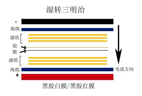 負極(電轉(zhuǎn)夾黑色面)-海綿墊-1層1 mm厚度濾紙-凝膠-膜-1層1 mm厚度濾紙-海綿墊-正
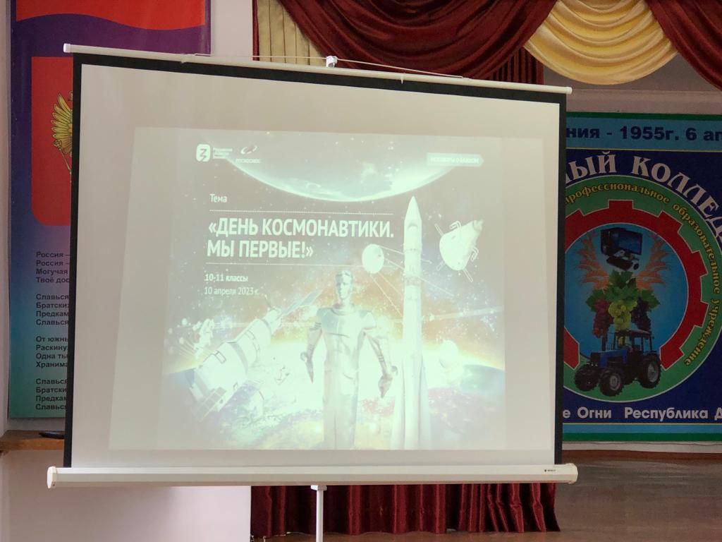 В Аграрном колледже 10 апреля 2023 года внеурочное занятие «Разговоры о важном» проходило по теме «День космонавтики. Мы первые!»
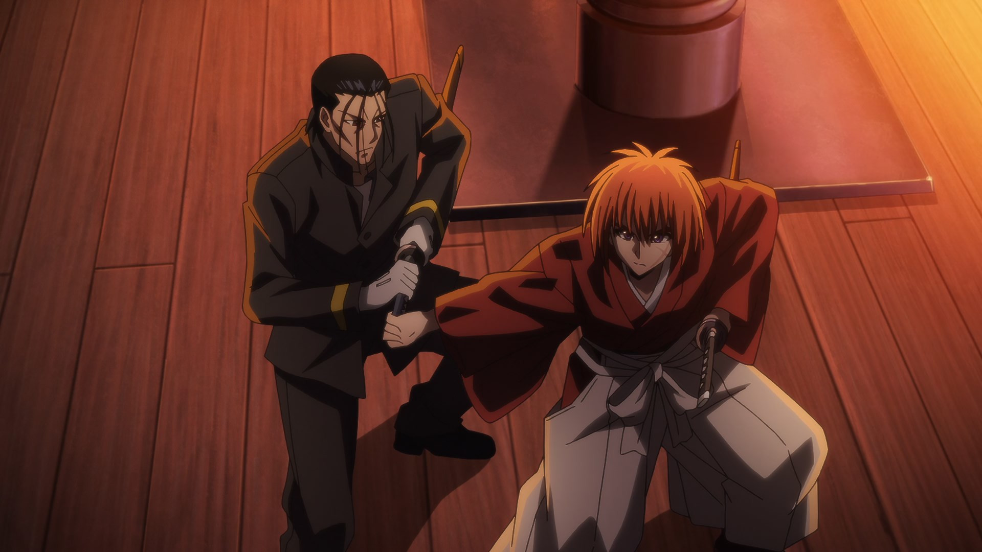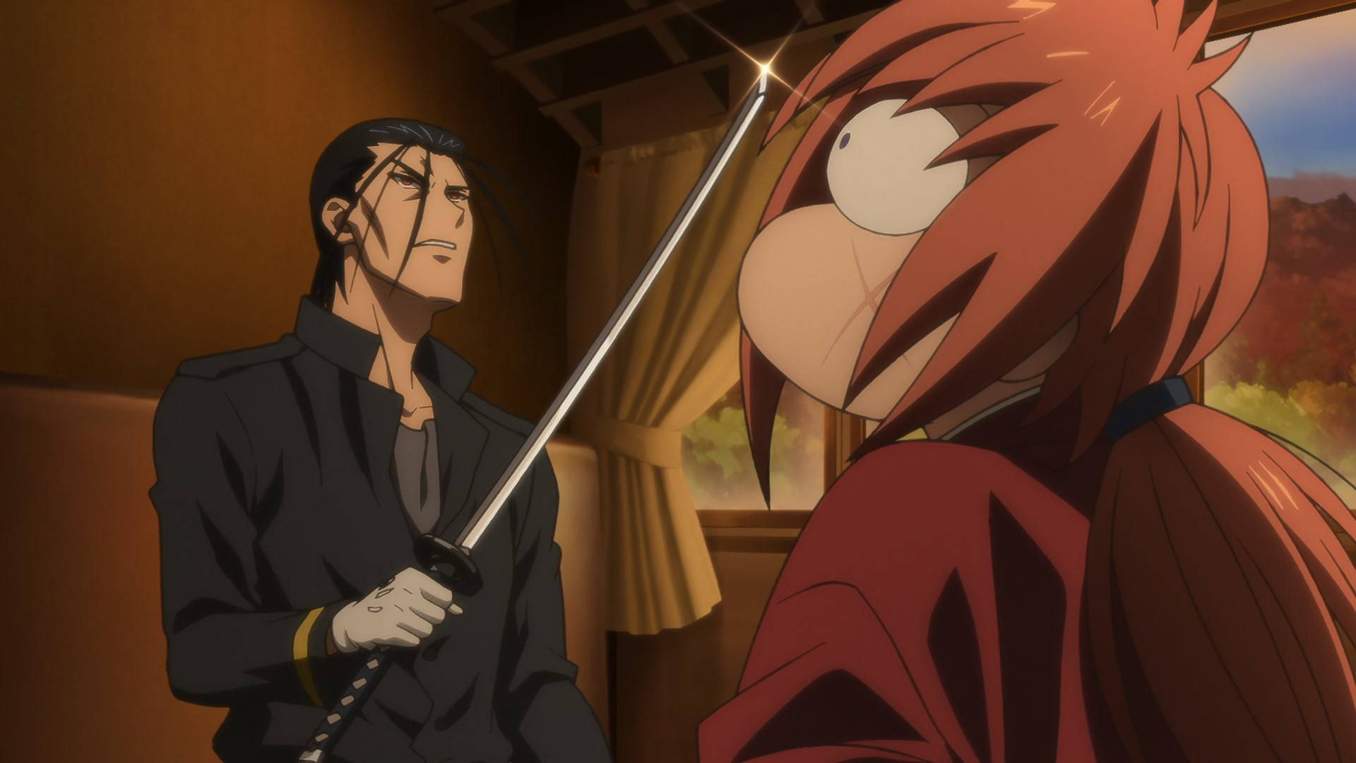 I’ll buy this, as written. It was perfectly in-character for Anji to do that, because he’s been perfectly consistent – no unnecessary killing. He’s even got it “written into his contract” with Shishio that he makes the call on killing or not. Also, Anji intervened to save Misao in the manga too, but it happened later and was over in a flash. In effect this wound up being more or less materially the same as the manga, with the exception that Anji’s nature was demonstrated far more clearly to the three good guys. That’s a little more character development but not a sea change, so all in all I’ll score this treatment a win.
####
» **Required action**: Would you reproduce the listing above exactly, without any of its images?

» **Answer to the exercise**:
 負極(電轉(zhuǎn)夾黑色面)-海綿墊-1層1 mm厚度濾紙-凝膠-膜-1層1 mm厚度濾紙-海綿墊-正
 В Аграрном колледже 10 апреля 2023 года внеурочное занятие «Разговоры о важном» проходило по теме «День космонавтики. Мы первые!»
 I’ll buy this, as written. It was perfectly in-character for Anji to do that, because he’s been perfectly consistent – no unnecessary killing. He’s even got it “written into his contract” with Shishio that he makes the call on killing or not. Also, Anji intervened to save Misao in the manga too, but it happened later and was over in a flash. In effect this wound up being more or less materially the same as the manga, with the exception that Anji’s nature was demonstrated far more clearly to the three good guys. That’s a little more character development but not a sea change, so all in all I’ll score this treatment a win.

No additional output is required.